Amy Bowers TV Talk

Liar, Liar, Hair on Fire

Why would anyone watch a report about cell phones at the gas pump that make people's hair catch on fire? To see the surveillance camera tape of a woman ACTUALLY BURN at the PUMP N SAVE? News you can use to PROTECT YOURSELF from catching on fire while filling your tank?

What frightens you? Afraid of having your identity stolen? Your kid stolen? Would you tune in at 5, 6, 10, or 11PM? News directors and sweeps-series producers count on it.

If people die sorting your mail, do you care? How about accidents that injure atomic workers? Race car drivers? Soldiers? You care? Statistically, some are supposed to die, right?

Who would watch a report on factory workers who lost fingers and feet because they didn't receive enough safety training? Would you watch, could you care, if the factory were a tv station and the workers were news techicians, reporters, production assistants, or interns?

People are injured. The same accident happens every year on TV Live Shots when operators raise the mast into power lines. Four people have died. There are more trucks out there, with fewer trained operators, doing more Live Shots.

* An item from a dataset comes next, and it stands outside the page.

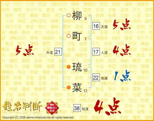 柳町琉菜さんの総運は38画の4点!

When I pitched a story about ENG safety to a show producer, he explained that it's too tiny a problem, numerically, for network news. In addition to this logic, I suppose viewers aren't worried about how to protect themselves from this kind of injury, and are not interested in the safety of newspukes in "the media" since we have it coming, anyhow.

FRIED AT FIVE: Most local news stations transmit their "Live Shots" by microwave signal. Under deadline pressure, the truck operator, who is also the camera operator for the shot, and often shoots and edits video for the taped report, parks the truck, raises the microwave dish on a mast, transmits a signal to the station, sets up a live camera outside the truck and runs cable to it, wires a microphone and IFB for the reporter, and another box with a headphone to the control room.

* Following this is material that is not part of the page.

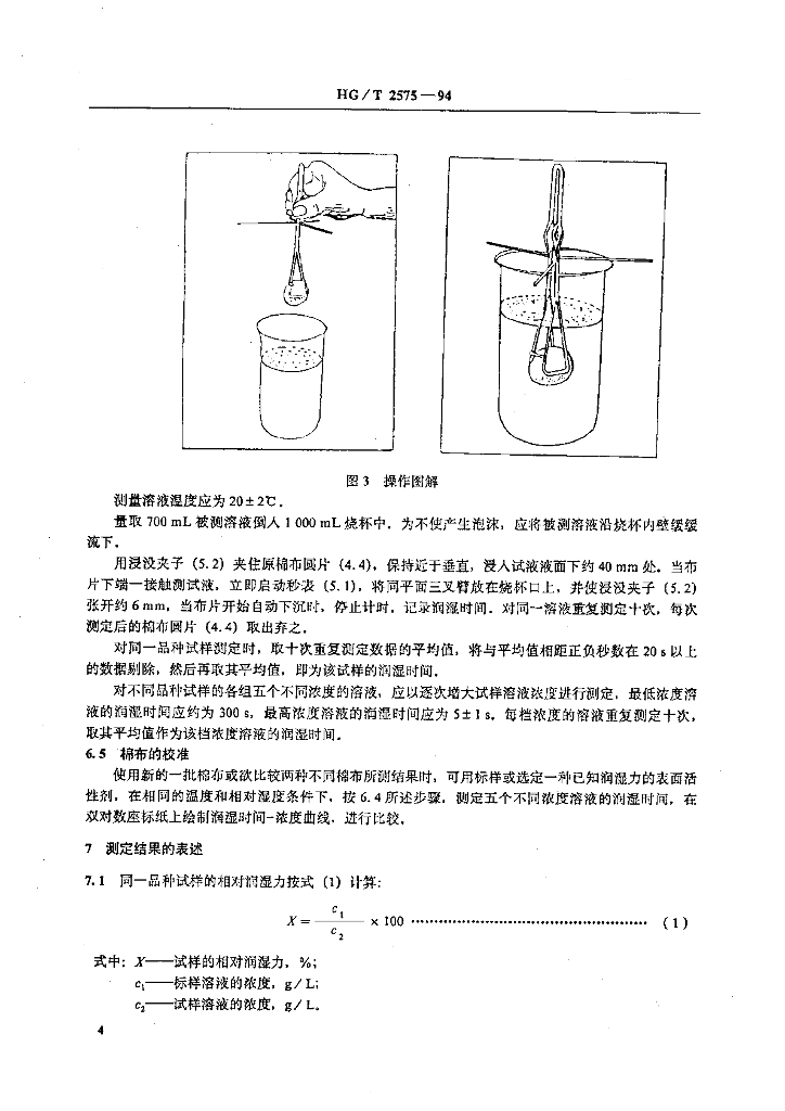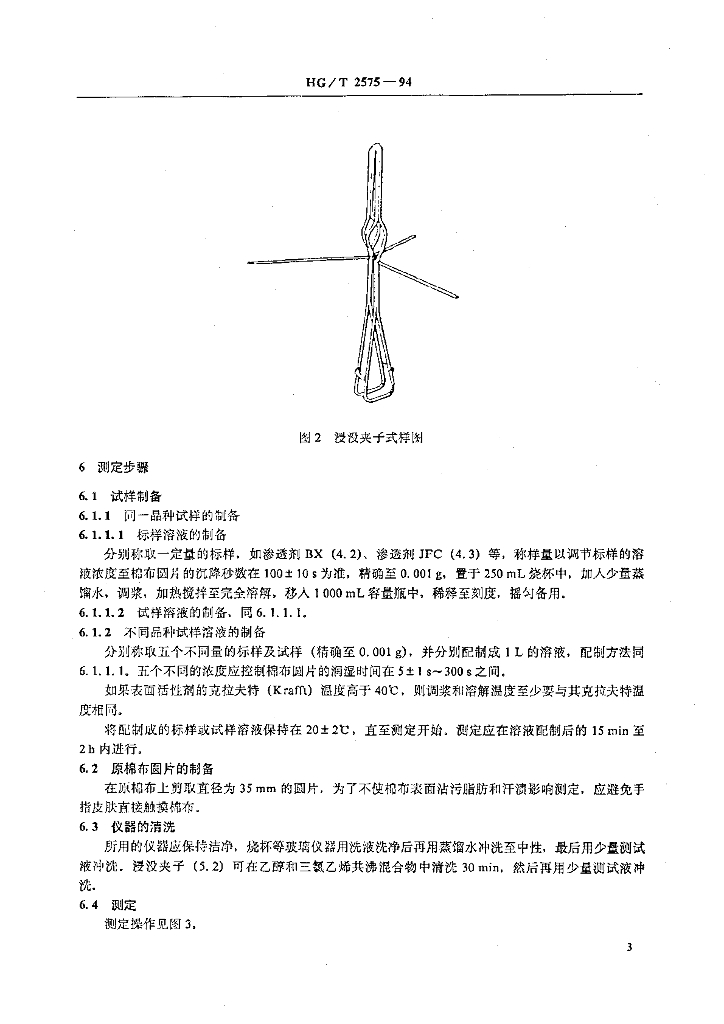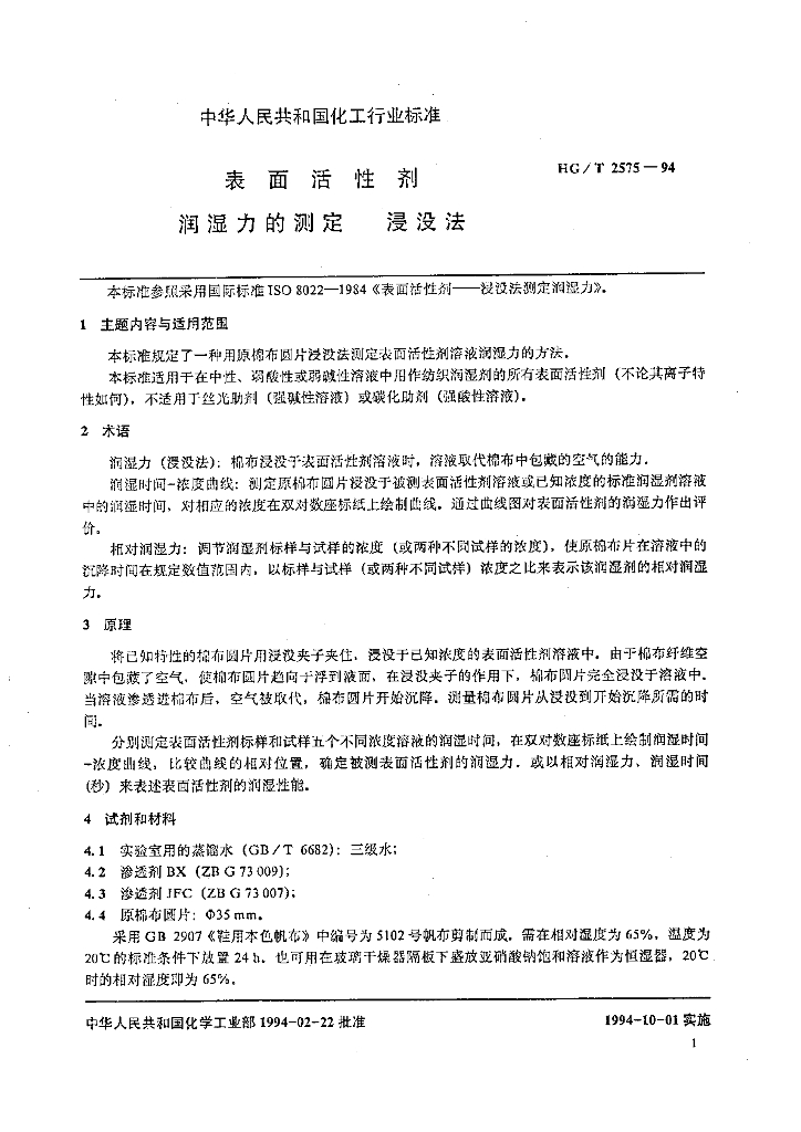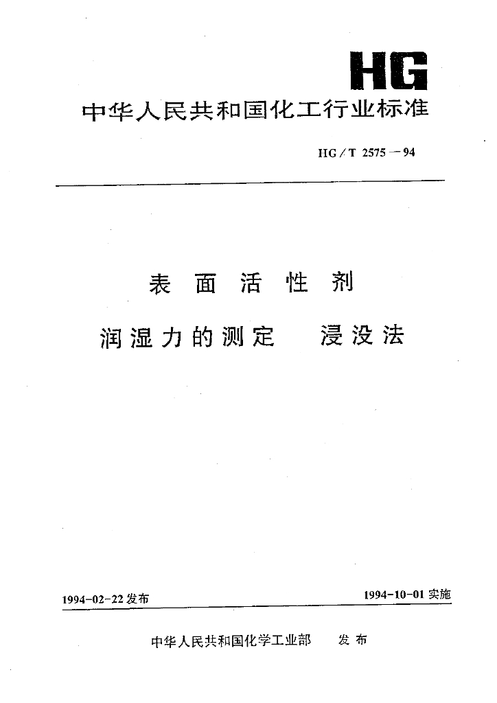 HG/T 2575-1994 表面活性剂 润湿力的测定 浸没法

The truck operator should take care not to park under a power line, and not to raise the mast into a public utility. Sometimes it happens.

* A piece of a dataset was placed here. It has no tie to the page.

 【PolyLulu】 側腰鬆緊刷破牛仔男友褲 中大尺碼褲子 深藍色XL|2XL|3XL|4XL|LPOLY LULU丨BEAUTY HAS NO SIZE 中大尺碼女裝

WHAT'S YOUR POLARITY? I haven't set up a Live Shot by myself from a microwave truck in over twenty years. Whoever trained me at WBZ probably cautioned me to watch out for power lines and always lower the mast before moving the truck. He told me about a tech who had set up a live shot in a cul-de-sac in suburban Boston. All the neighbors turned on Channel Four, to watch. The truck operator decided to move the truck before going Live, and took down a power line. The neighbors came running out. "We want to watch you on tv," they told the reporter, "but we just had a power failure."

I also remember talking on the 2-way to a tech taking in my signal at KNBC, Burbank. "What's your polarity?" he asked. Polarity? I was clueless. Hang on, and I'll check, I told him. Um, where do I check? In those days, the feedhorn in the antenna could be physically turned clockwise or counterclockwise. The tech said I could climb on the roof of my microwave truck. Naw. "Hey, I think it's in the usual position," I radioed back. "Okay, thanks," said the engineer, "it looks fine."

Every time I produce a clean Live Shot, I make the same pronouncement.

"We cheated Death again." By Death, I usually mean we avoided the consequence of blowing a Live Shot. But now that I think of it, I guess I also mean, WE MADE AIR, WITHOUT CATCHING OUR HAIR ON FIRE.